Exercise goal ▸ From the material below, reproduce exactly the stretch of lines that begins with the line holding "Büyükşehir Belediyesi Kayseri" and ends with the line holding "104-Taapsee FABRICS : Soft", skipping the pictures.

Data for the task ▸
§

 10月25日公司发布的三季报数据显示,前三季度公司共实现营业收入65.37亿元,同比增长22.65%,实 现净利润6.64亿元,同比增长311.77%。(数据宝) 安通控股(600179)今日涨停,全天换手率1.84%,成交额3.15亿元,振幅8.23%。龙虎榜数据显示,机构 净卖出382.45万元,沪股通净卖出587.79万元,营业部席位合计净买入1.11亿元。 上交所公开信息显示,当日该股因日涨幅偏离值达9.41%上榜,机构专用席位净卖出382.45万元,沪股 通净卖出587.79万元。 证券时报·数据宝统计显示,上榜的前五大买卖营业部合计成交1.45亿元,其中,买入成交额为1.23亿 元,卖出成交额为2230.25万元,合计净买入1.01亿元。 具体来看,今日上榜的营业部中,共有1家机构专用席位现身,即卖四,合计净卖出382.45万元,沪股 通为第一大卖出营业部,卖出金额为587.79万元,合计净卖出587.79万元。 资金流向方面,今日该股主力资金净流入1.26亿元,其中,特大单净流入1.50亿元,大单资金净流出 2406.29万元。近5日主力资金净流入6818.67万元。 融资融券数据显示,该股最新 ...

§

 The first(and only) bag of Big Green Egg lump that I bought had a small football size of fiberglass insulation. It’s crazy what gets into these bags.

§

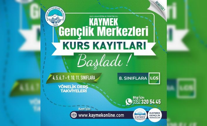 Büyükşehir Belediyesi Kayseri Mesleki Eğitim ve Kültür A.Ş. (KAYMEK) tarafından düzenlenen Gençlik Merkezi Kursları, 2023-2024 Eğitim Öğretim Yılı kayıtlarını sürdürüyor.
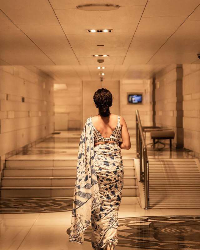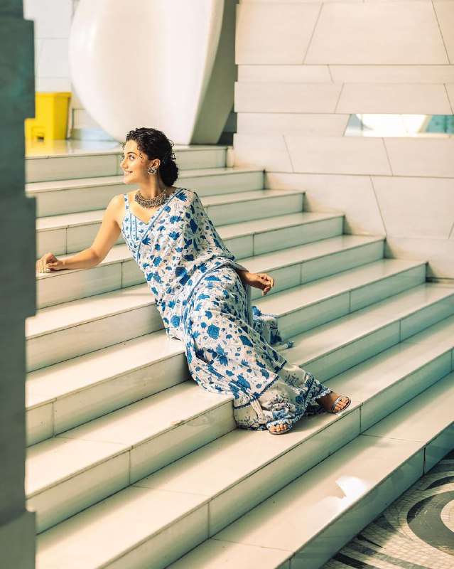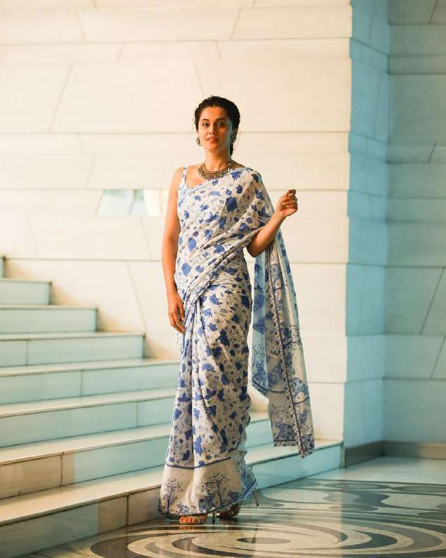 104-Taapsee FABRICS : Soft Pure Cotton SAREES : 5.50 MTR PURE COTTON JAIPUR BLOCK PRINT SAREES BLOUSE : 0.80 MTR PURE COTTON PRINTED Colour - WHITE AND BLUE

§

Task solution ▸
 Büyükşehir Belediyesi Kayseri Mesleki Eğitim ve Kültür A.Ş. (KAYMEK) tarafından düzenlenen Gençlik Merkezi Kursları, 2023-2024 Eğitim Öğretim Yılı kayıtlarını sürdürüyor.
 104-Taapsee FABRICS : Soft Pure Cotton SAREES : 5.50 MTR PURE COTTON JAIPUR BLOCK PRINT SAREES BLOUSE : 0.80 MTR PURE COTTON PRINTED Colour - WHITE AND BLUE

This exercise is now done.